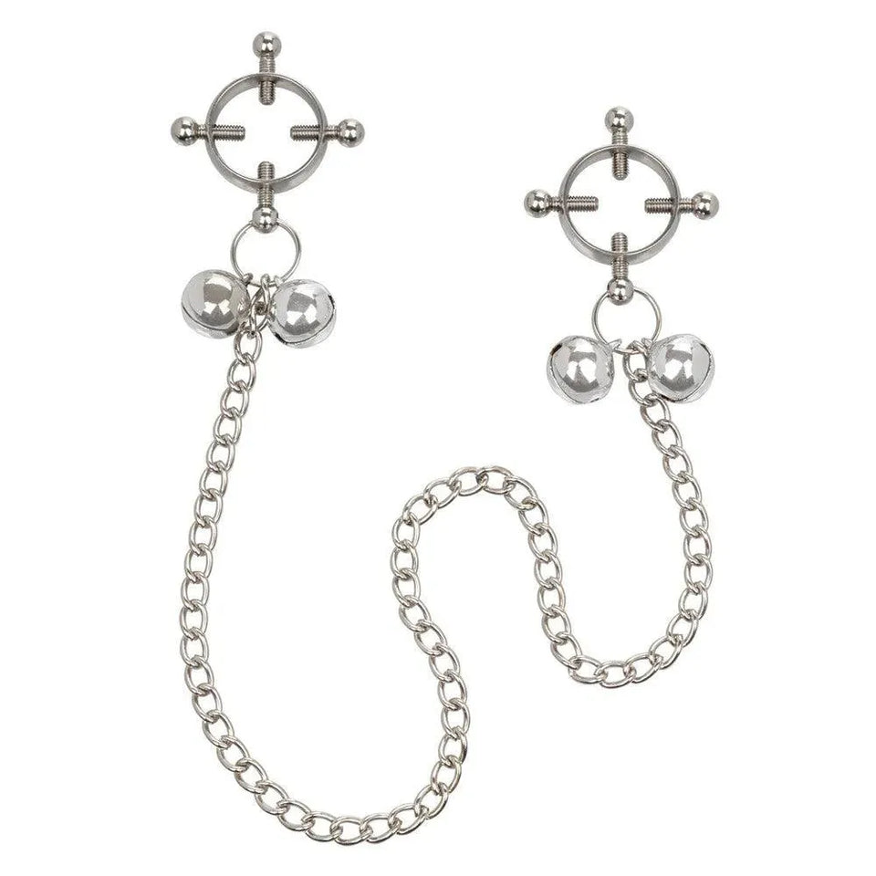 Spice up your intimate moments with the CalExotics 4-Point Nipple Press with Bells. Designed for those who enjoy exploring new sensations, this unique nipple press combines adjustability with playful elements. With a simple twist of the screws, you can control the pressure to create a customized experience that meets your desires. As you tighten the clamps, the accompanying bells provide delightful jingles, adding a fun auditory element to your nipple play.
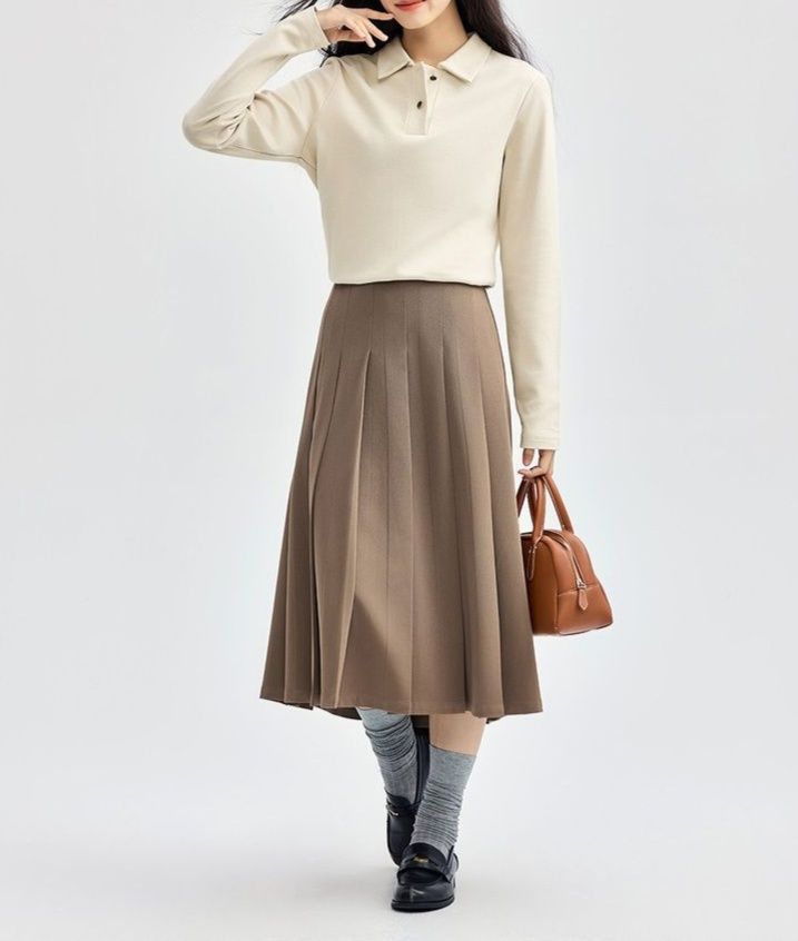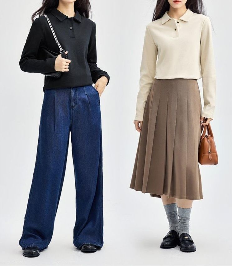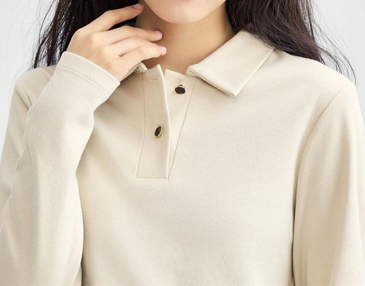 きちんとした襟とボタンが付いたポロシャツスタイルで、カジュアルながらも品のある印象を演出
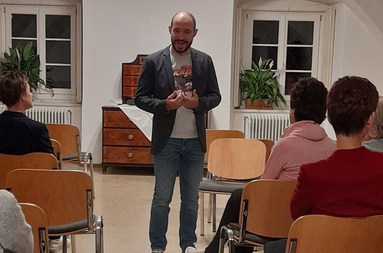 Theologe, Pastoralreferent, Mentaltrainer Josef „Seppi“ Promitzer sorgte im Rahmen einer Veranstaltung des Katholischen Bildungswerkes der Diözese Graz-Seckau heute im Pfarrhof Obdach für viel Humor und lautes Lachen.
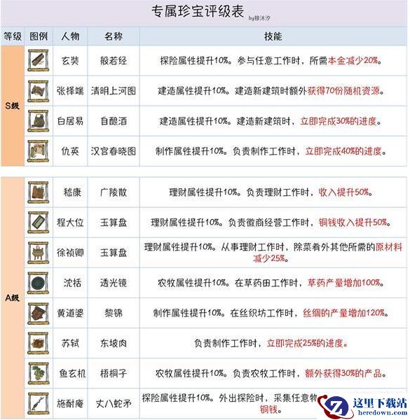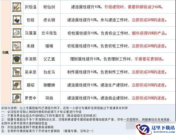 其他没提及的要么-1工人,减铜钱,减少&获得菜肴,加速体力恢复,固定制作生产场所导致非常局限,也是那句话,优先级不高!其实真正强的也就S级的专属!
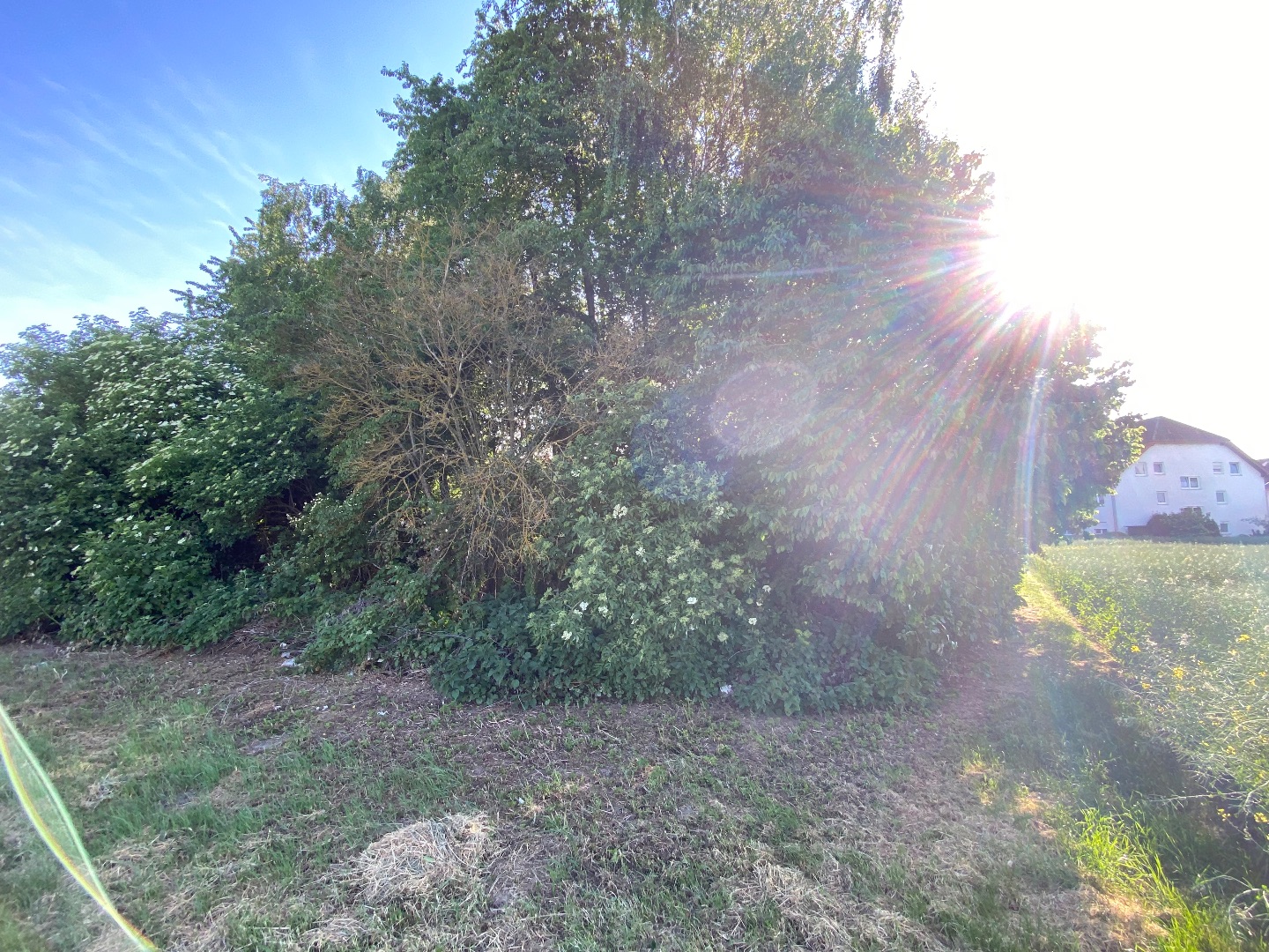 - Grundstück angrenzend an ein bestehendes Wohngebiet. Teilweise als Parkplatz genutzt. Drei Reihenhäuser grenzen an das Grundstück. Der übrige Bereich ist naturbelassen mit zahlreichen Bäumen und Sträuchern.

========

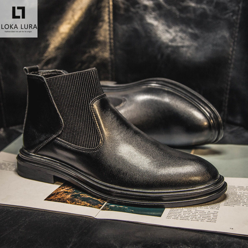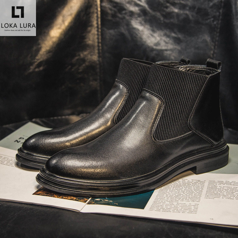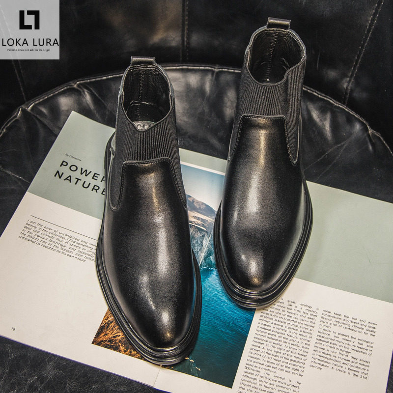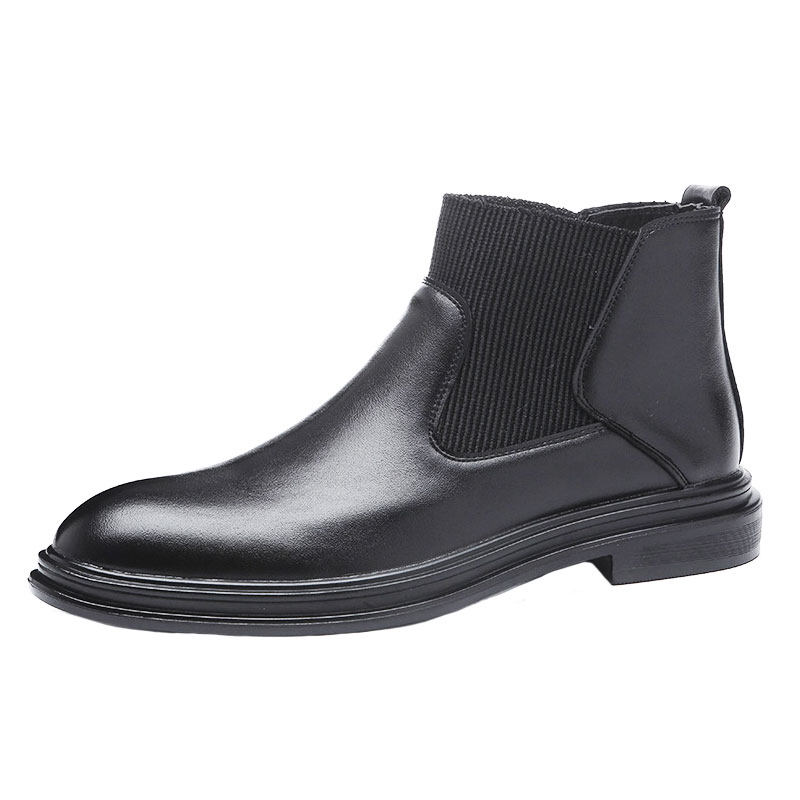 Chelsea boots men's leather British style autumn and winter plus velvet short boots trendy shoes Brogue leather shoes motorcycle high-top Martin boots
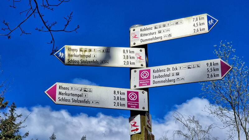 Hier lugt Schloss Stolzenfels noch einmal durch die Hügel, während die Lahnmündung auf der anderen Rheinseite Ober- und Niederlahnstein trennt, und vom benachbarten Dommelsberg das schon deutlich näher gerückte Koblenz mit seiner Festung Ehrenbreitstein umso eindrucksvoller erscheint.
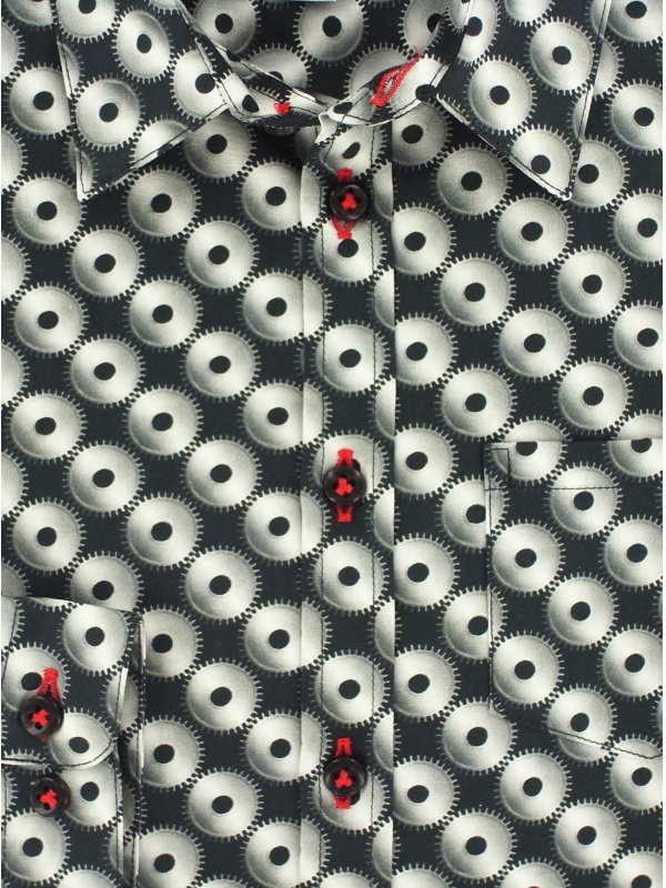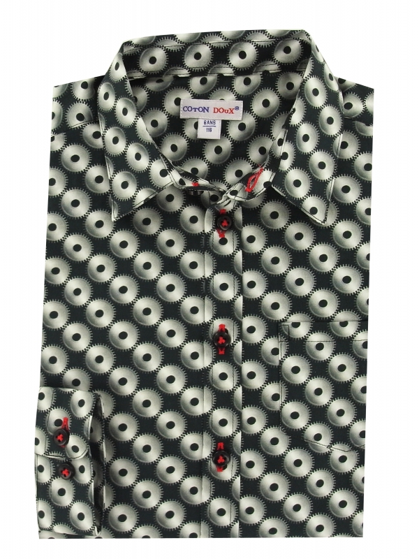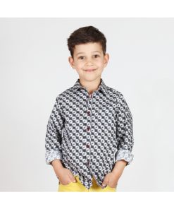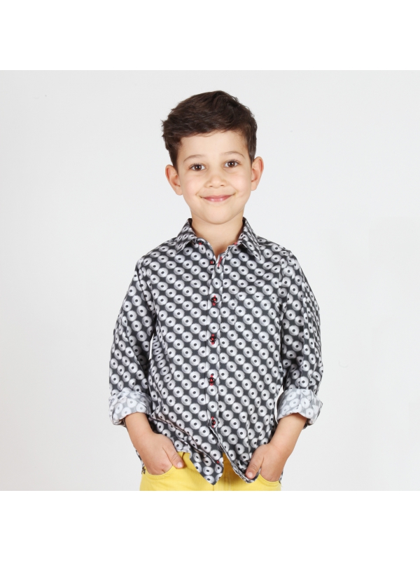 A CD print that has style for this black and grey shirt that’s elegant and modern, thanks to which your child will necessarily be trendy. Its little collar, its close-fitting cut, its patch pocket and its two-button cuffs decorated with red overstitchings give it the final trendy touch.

========

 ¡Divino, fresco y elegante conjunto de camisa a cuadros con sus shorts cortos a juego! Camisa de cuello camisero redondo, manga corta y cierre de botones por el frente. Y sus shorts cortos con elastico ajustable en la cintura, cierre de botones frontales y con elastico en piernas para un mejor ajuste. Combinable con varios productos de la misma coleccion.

========

#### [What to do]
Working from the entries above, reproduce exactly and only the lines beginning with the line that has "きちんとした襟とボタンが付い" and ending with the line that has "其他没提及的要么-1工人,减"; omit all pictures.

#### [Solution]
 きちんとした襟とボタンが付いたポロシャツスタイルで、カジュアルながらも品のある印象を演出
 Theologe, Pastoralreferent, Mentaltrainer Josef „Seppi“ Promitzer sorgte im Rahmen einer Veranstaltung des Katholischen Bildungswerkes der Diözese Graz-Seckau heute im Pfarrhof Obdach für viel Humor und lautes Lachen.
 其他没提及的要么-1工人,减铜钱,减少&获得菜肴,加速体力恢复,固定制作生产场所导致非常局限,也是那句话,优先级不高!其实真正强的也就S级的专属!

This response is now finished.